> [Exercise data]
--------------------------------
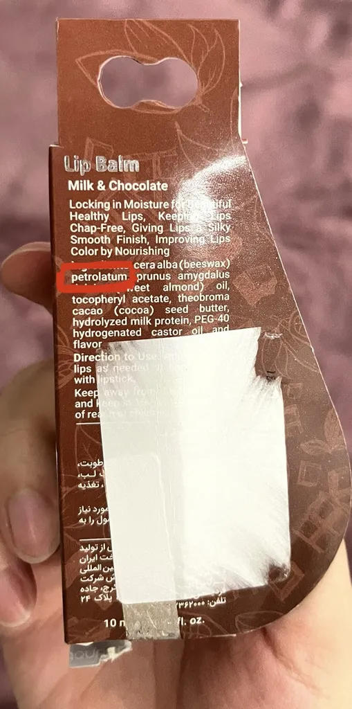 توی این بالم لب، ماده پترولاتوم استفاده شده که با یک سرچ میتونین مضرات این ماده رو پیدا کنین. جزو مواد سرطان زا هست و در بسیاری کشورها استفاده ازش در محصولات آرایشی بهداشتی ممنوعه
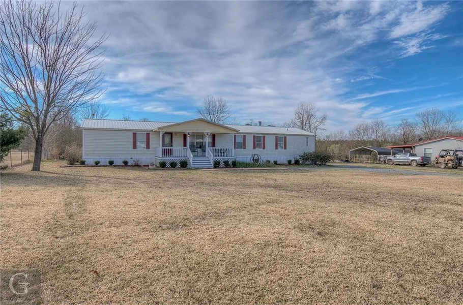 Great place to call home sitting just outside of Blanchard on 2.17 acres . The front porch is just waiting for the spring to come to hang all your ferns on. The home features an open floor plan and has two separate living areas. Remote master suite and two additional bedrooms. Home was originally a 4 bedroom and 2 of the rooms were joined together to make one bigger room. The huge covered deck off the back is very private and is very relaxing to sit and drink your morning coffee. Two car carport comes off the back as well .
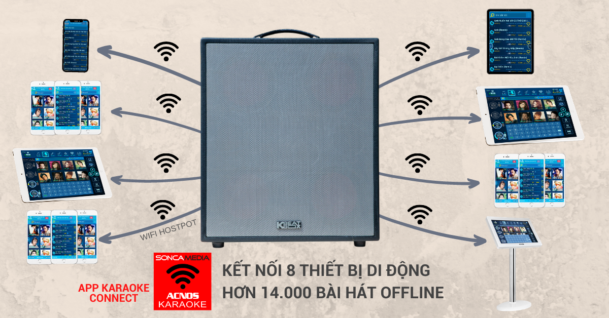 - Kết nối tối đa 8 thiết bị di động qua app Karaoke Connect
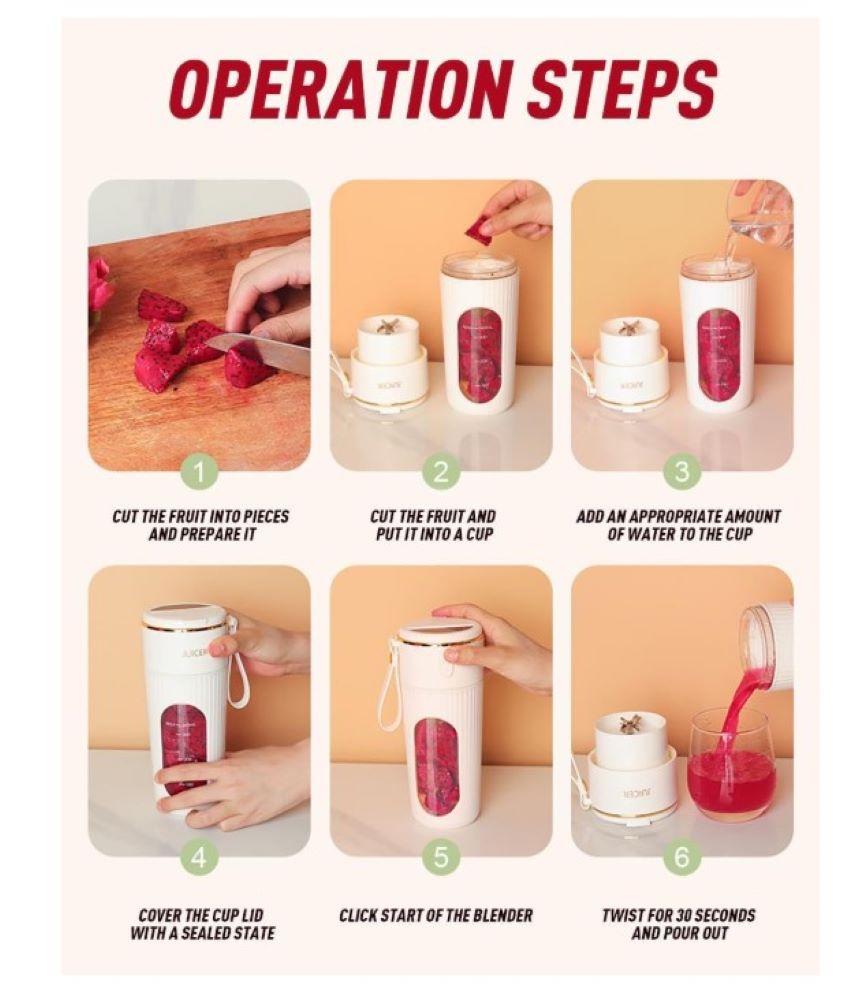 – Puedes utilizar el exprimidor portátil para hacer cualquier sabor que desees, en cualquier momento y en cualquier lugar, sin preocuparte por quedarte sin energía. Es perfecto para usar en la cocina, viajes, gimnasio, picnic u oficina. Fácil de usar: simplemente añade frutas, verduras u otros ingredientes, haz doble clic para mezclar y disfruta de tu bebida directamente o con el popote reutilizable incluido, ideal para batidos, batidos y mucho más.
--------------------------------
> [What the task asks] Reproduce the whole listing verbatim and keep all pictures out of it.

> [Expected answer]
 توی این بالم لب، ماده پترولاتوم استفاده شده که با یک سرچ میتونین مضرات این ماده رو پیدا کنین. جزو مواد سرطان زا هست و در بسیاری کشورها استفاده ازش در محصولات آرایشی بهداشتی ممنوعه
 Great place to call home sitting just outside of Blanchard on 2.17 acres . The front porch is just waiting for the spring to come to hang all your ferns on. The home features an open floor plan and has two separate living areas. Remote master suite and two additional bedrooms. Home was originally a 4 bedroom and 2 of the rooms were joined together to make one bigger room. The huge covered deck off the back is very private and is very relaxing to sit and drink your morning coffee. Two car carport comes off the back as well .
 - Kết nối tối đa 8 thiết bị di động qua app Karaoke Connect
 – Puedes utilizar el exprimidor portátil para hacer cualquier sabor que desees, en cualquier momento y en cualquier lugar, sin preocuparte por quedarte sin energía. Es perfecto para usar en la cocina, viajes, gimnasio, picnic u oficina. Fácil de usar: simplemente añade frutas, verduras u otros ingredientes, haz doble clic para mezclar y disfruta de tu bebida directamente o con el popote reutilizable incluido, ideal para batidos, batidos y mucho más.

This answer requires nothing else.